*** Opening of Data provided ***

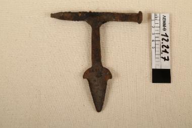 μικρό μεταλλικό εργαλείο με οριζόντια κυλινδρική λαβή σε σχήμα καρφιού και κυλινδρικό στέλεχος με λογχόσχημη απόληξη (οξυκόρυφο φτυάρι). Είναι έντονα οξειδωμένο σε όλη την επιφάνεια.
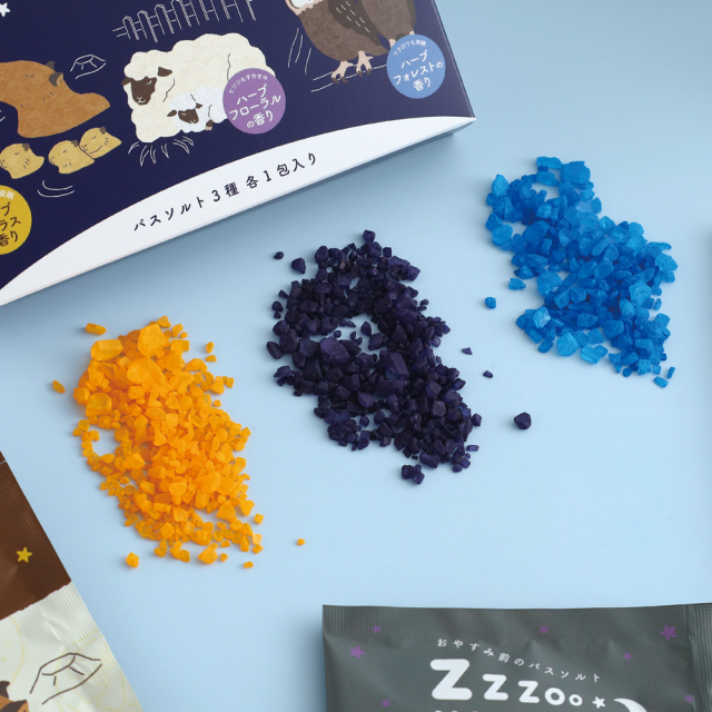 いびきを表すzzzと動物のzooをかけ合わせたズーナイトバスソルト。
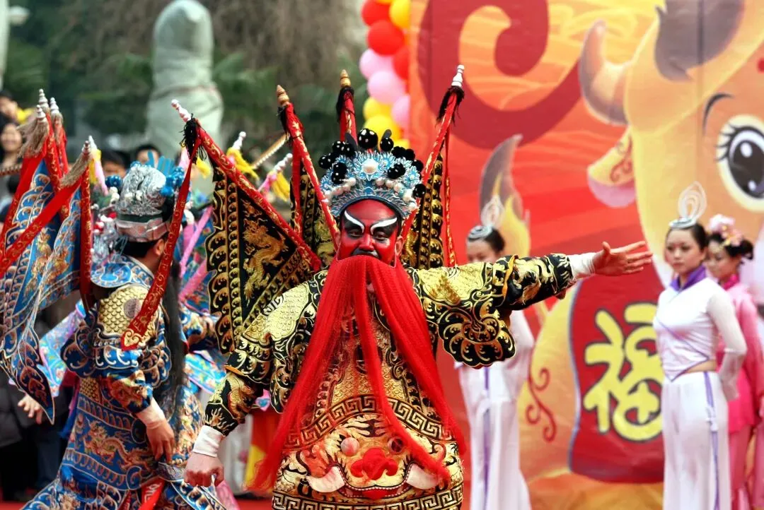 锣鼓喧天中,传统戏剧、舞龙舞狮、民俗秧歌、传统曲艺等节目轮番上演,演员们身着盛装、精神抖擞,精彩的表演赢得现场观众阵阵掌声与喝彩。

*** Close of Data provided ***

• **Task to carry out**: Restate word for word only the lines that run from the line holding "いびきを表すzzzと動物のzooをかけ合わせたズーナイトバスソルト。" to the end of the data, both ends kept, leaving every picture out.

• **Finished task**:
 いびきを表すzzzと動物のzooをかけ合わせたズーナイトバスソルト。
 锣鼓喧天中,传统戏剧、舞龙舞狮、民俗秧歌、传统曲艺等节目轮番上演,演员们身着盛装、精神抖擞,精彩的表演赢得现场观众阵阵掌声与喝彩。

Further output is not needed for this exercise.